# [WHAT IS BEING ASKED]
Set down, word for word, each line from the top of the data through the line that has "This bingo card"; omit every picture.

# [AVAILABLE DATA]

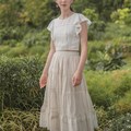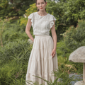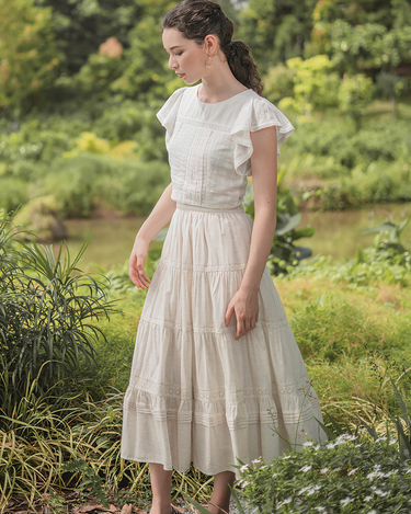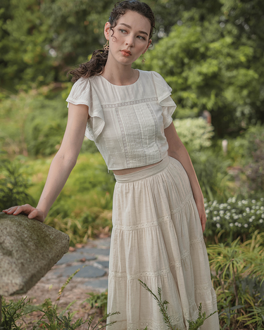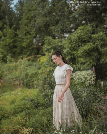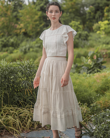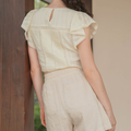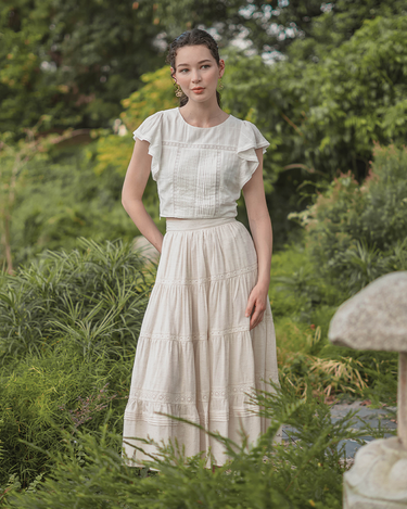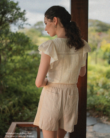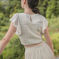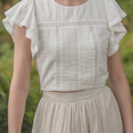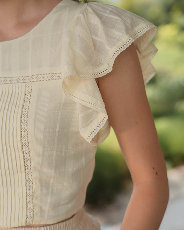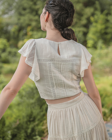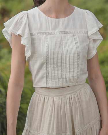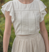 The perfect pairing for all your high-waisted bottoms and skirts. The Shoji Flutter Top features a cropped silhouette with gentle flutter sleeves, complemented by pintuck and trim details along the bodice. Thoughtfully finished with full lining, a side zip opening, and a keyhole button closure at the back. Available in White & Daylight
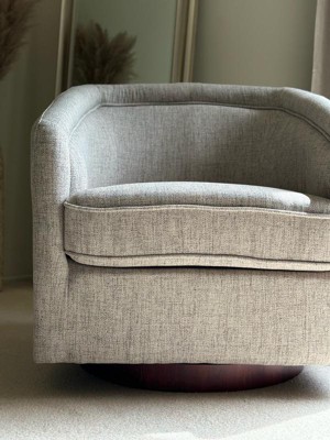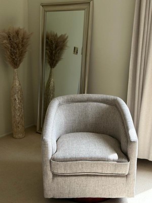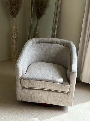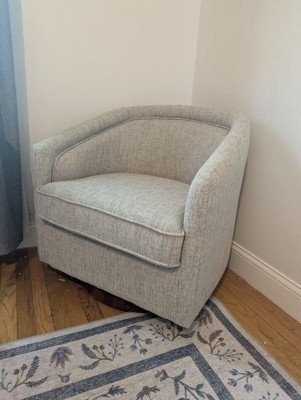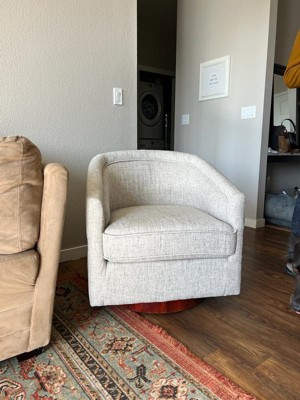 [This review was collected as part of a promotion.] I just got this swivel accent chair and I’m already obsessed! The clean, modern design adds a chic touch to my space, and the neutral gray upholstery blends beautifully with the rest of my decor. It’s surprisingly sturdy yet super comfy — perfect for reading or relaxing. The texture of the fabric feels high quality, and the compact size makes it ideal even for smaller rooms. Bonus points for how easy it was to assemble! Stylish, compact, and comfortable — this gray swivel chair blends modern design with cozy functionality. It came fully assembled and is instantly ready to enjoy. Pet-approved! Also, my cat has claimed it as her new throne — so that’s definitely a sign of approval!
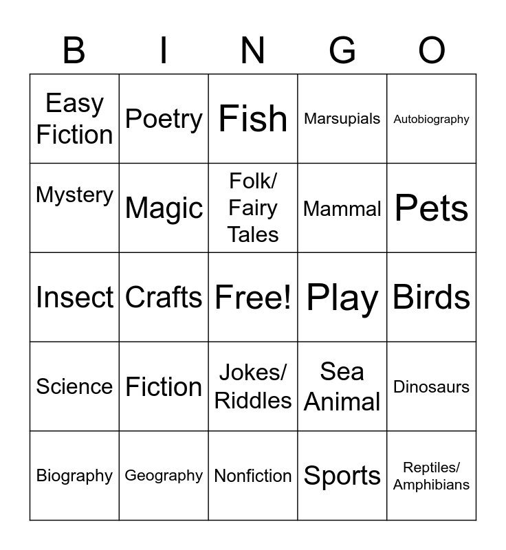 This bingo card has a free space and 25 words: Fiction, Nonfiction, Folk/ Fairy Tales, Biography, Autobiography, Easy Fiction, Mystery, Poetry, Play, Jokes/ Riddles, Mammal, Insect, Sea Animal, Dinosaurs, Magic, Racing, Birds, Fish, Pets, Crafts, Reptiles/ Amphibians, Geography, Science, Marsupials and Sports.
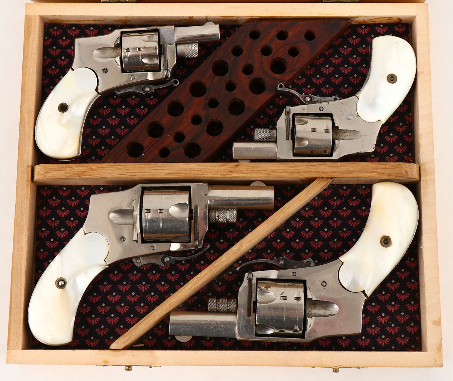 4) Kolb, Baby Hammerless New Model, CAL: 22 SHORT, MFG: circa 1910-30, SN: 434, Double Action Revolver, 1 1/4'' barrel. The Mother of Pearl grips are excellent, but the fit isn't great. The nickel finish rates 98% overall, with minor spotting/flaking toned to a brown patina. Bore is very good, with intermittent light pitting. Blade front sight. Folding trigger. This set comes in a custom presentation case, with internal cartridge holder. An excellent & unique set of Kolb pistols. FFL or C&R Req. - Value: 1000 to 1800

# [REPLY]
 The perfect pairing for all your high-waisted bottoms and skirts. The Shoji Flutter Top features a cropped silhouette with gentle flutter sleeves, complemented by pintuck and trim details along the bodice. Thoughtfully finished with full lining, a side zip opening, and a keyhole button closure at the back. Available in White & Daylight
 [This review was collected as part of a promotion.] I just got this swivel accent chair and I’m already obsessed! The clean, modern design adds a chic touch to my space, and the neutral gray upholstery blends beautifully with the rest of my decor. It’s surprisingly sturdy yet super comfy — perfect for reading or relaxing. The texture of the fabric feels high quality, and the compact size makes it ideal even for smaller rooms. Bonus points for how easy it was to assemble! Stylish, compact, and comfortable — this gray swivel chair blends modern design with cozy functionality. It came fully assembled and is instantly ready to enjoy. Pet-approved! Also, my cat has claimed it as her new throne — so that’s definitely a sign of approval!
 This bingo card has a free space and 25 words: Fiction, Nonfiction, Folk/ Fairy Tales, Biography, Autobiography, Easy Fiction, Mystery, Poetry, Play, Jokes/ Riddles, Mammal, Insect, Sea Animal, Dinosaurs, Magic, Racing, Birds, Fish, Pets, Crafts, Reptiles/ Amphibians, Geography, Science, Marsupials and Sports.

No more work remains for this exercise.